UNIVERSITY PARK, Pa. — Jing Yang, assistant professor of electrical engineering and computer science at Penn State, and Cong Shen, assistant professor of electrical and computer engineering at the University of Virginia (UVA), have earned a $550,000, three-year grant to pursue machine learning for wireless networking systems. The National Science Foundation (NSF) and Intel have partnered to fund this multi-university research program to accelerate fundamental, broad-based research on wireless-specific machine learning techniques applied to new wireless systems and architecture design.
Traditionally, wireless network operation and maintenance systems relied on experts who possessed first-hand knowledge of the wireless network, its functions and its end-users. It is generally acknowledged within the industry that the complexity of 5G networks and the Internet of Things will render these manual approaches obsolete.
“What worked well in the past will not work well in the future,” Shen said.
Authors of a widely cited report published in June 2019 by Ericsson, a multinational networking and telecommunications company, predict that in four years, 5G coverage will reach 45% of the world’s population, or 1.9 billion people.

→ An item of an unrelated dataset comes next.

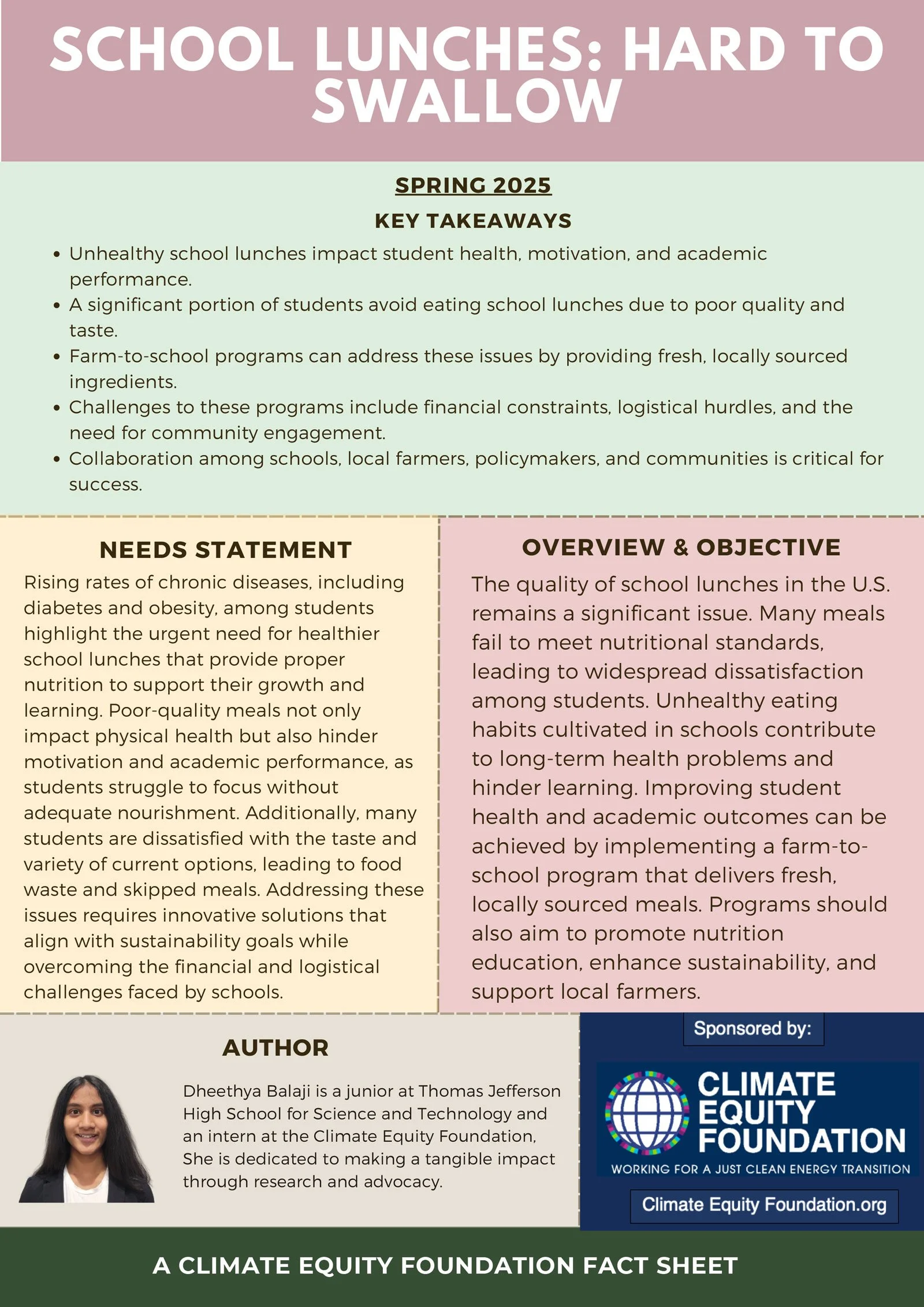 About the Author: Dheethya Balaji is a junior at Thomas Jefferson High School for Science and Technology and an intern at the Climate Equity Foundation. She is dedicated to making a tangible impact through research and advocacy.

“Our machine learning approach will allow network managers to reliably meet user demands across a wide range of applications and infrastructure,” Yang said. “Reliability is key to meeting rising demand for virtual reality and high-resolution video applications, embedded and wearable tech, and large-scale infrastructure for smart homes and autonomous cars.”
Yang and Shen offer a machine learning solution that combines pure data-driven reinforcement learning algorithms with domain knowledge. They call their technique “domain knowledge enriched reinforcement learning framework for wireless network optimization,” or Dino-RL. Reinforcement learning algorithms are well suited to the exponential growth and open-ended design of wireless networks. The algorithm receives continuous feedback and dynamically adjusts its decision rules to maximize a reward, in this case to quickly detect and fix network problems without human intervention.
To incorporate wireless network domain knowledge, Shen will build an efficient episodic memory to drive Dino-RL. Episodic RL is a novel paradigm that can significantly speed up learning by keeping an explicit record of past events and using such “memory” directly as a point of reference in making future decisions.
“It mimics how we humans process learning tasks, to subconsciously resort to similar situations we have encountered in the past when facing new decisions,” Shen said.
This method was only recently developed in the machine learning community, and this project will attempt to develop a novel episodic reinforcement learning framework that is tailored for wireless networks.
The second research direction focuses on how to enable knowledge transfer and efficient exploration.
“If I develop a machine learning system to manage networks for Penn State and its State College neighborhood, with the proposed meta-learning method, it can be easily transferred to ‘plug-and-play’ with wireless systems supporting UVA grounds and Charlottesville,” Yang said.
Yang will develop a reinforcement learning technique, called meta-reinforcement learning, to ensure that Dino-RL achieves efficient knowledge transfer across multiple instantiations of the algorithm. This is particularly challenging because wireless networks have many parameters to tune, and methods that can allow a new wireless network to quickly operate at its optimum are highly valuable.
Both episodic and meta-RL methods are known to be data hungry, which is why they are mostly used in non-real-time tasks such as the game of Go. Wireless network operation, however, is highly time-sensitive and data efficiency becomes the key challenge. Yang and Shen plan to attack this crucial problem with tools from multi-armed bandits, a subfield of online learning for which they have collaborated over the past few years.
They plan to develop Dino-RL to switch between the real-world wireless network and an imaginary “dream-world” model that is built based on domain knowledge and gradually refined by assimilating real-world observations. They can then leverage this “dream-world” model to test future actions before committing to the real-world network. Shen and Yang believe that this will ultimately solve the data efficiency problem and enable Dino-RL to learn and act using as little data as possible.
Yang and Shen are optimistic that Dino-RL will accelerate industry adoption of machine learning techniques for wireless network management.
“Intel’s partnership with NSF is key,” Shen said. “This is a problem I have known for years, tracing back to my days at Qualcomm Research when we attempted to solve it with Self-Organizing Networks. Unfortunately, that didn’t really take off, as we did not have the right tools [of machine learning] at the time. I am glad that this particular grant is funded by both NSF and Intel, which gives us a unique opportunity to take it to the real world.”
NSF and Intel will launch the research program in June 2020, following a kick-off meeting with all university grantees.